As our third graphic shows, we’ve converted the euros of the Observatory study into like-for-like pounds and summarised both pieces of work.
1: The 24 squads cost their employers £2.2bn but those assets are now collectively worth more than double, or £4.8bn. That’s indicative of a booming market in elite players, albeit one fuelled primarily by TV riches in England and the massive cash piles of the few mega clubs elsewhere, namely Real Madrid, Barcelona, Bayern Munich and PSG, plus, to a lesser extent, Juventus and a few clubs mainly in Germany and Spain being made rich by money from selling to English clubs.
2: The top five nations by cost are also the same top five nations by value, in a slightly different order. England are ‘worth’ a whopping £404m more than they ‘cost’. France are not far off that. Spain and Germany are also worth hundreds of millions more than their clubs paid and the Belgians are not far off what they cost.

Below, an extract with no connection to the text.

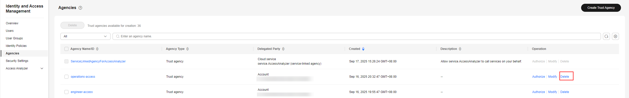 If you no longer need a trust agency, click Delete in the row containing the trust agency to be deleted and click OK. Before deleting a trust agency, delete the assigned permissions defined by identity policies and ensure that services will not be affected after the trust agency is deleted.
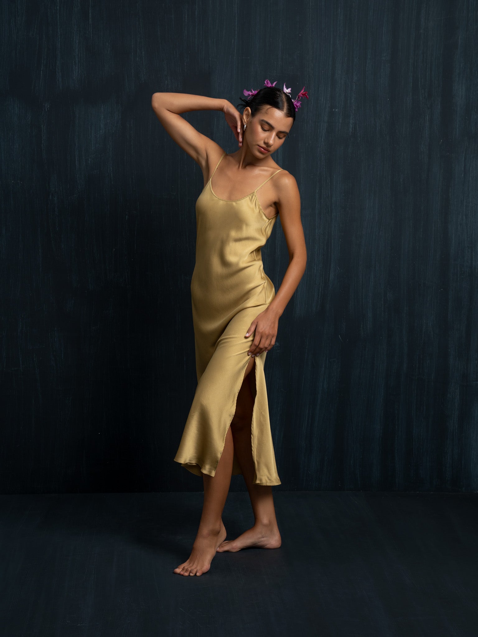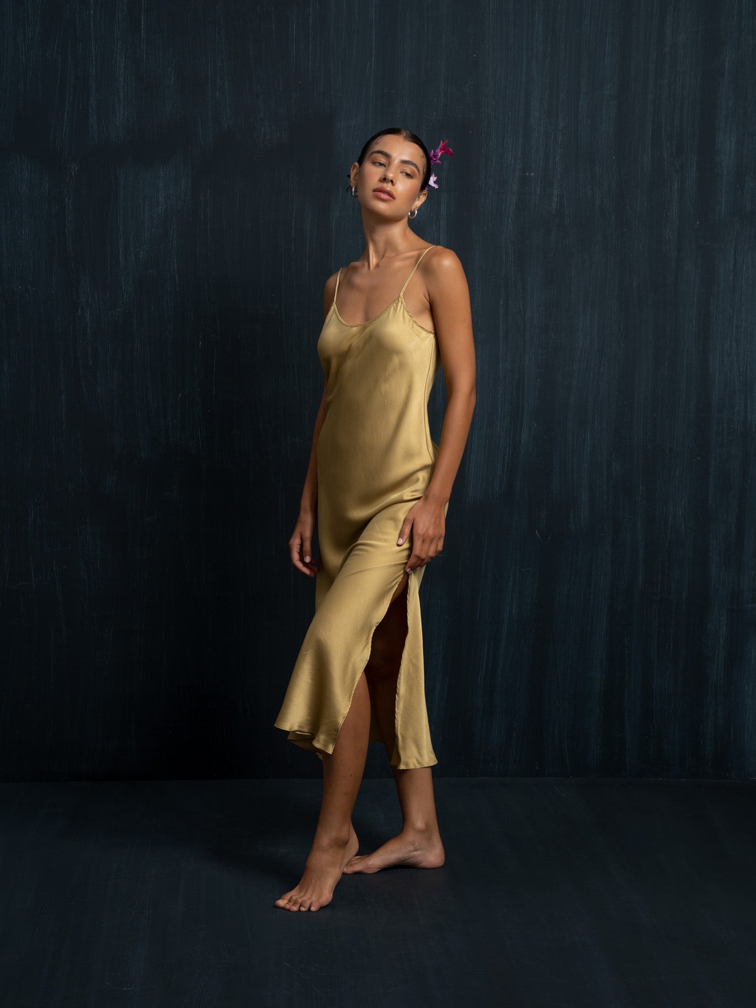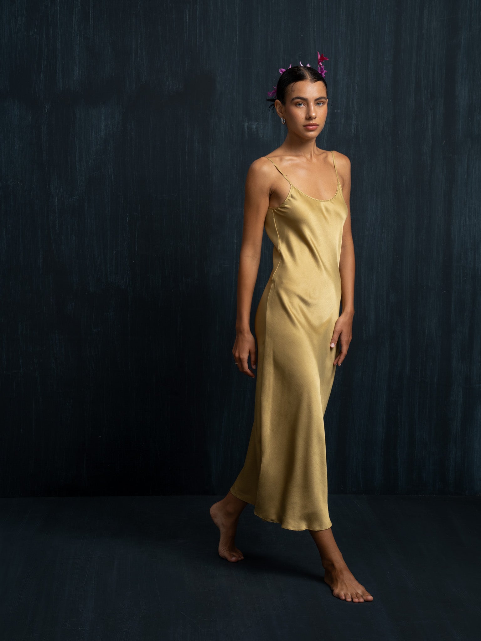 Our Scarlette Silk Dress is cut on the bias at a 45-degree angle, enhancing the natural stretch, movement, and flexibility of the silk fabric. Making the dress flattering, comfortable and drapes beautifully on all body shapes and sizes. Crafted with a classic and timeless silhouette in mind, our Scarlette Silk Dress features a U neckline, a subtly low back, adjustable straps, and a moderate side slit. The length of the midi dress, end around mid-calf, giving the overall look a modern sensibility. Ideal for both casual days and elegant evenings.

3: The rest of the nations are, within a few places, ranked the same in value as they were in cost, with the exceptions of Poland (worth a lot more than they cost, with Lewandowski a big part of that) and Ukraine (where those free home-growns now have a value).
That’s a simplified summary, of course. Who’s going to win? If money reflects talent and talent delivers then England, France, Spain, Germany or Belgium. Only three of those nations both fall into the top four of both studies, so let’s eliminate the others and say England, France or Germany.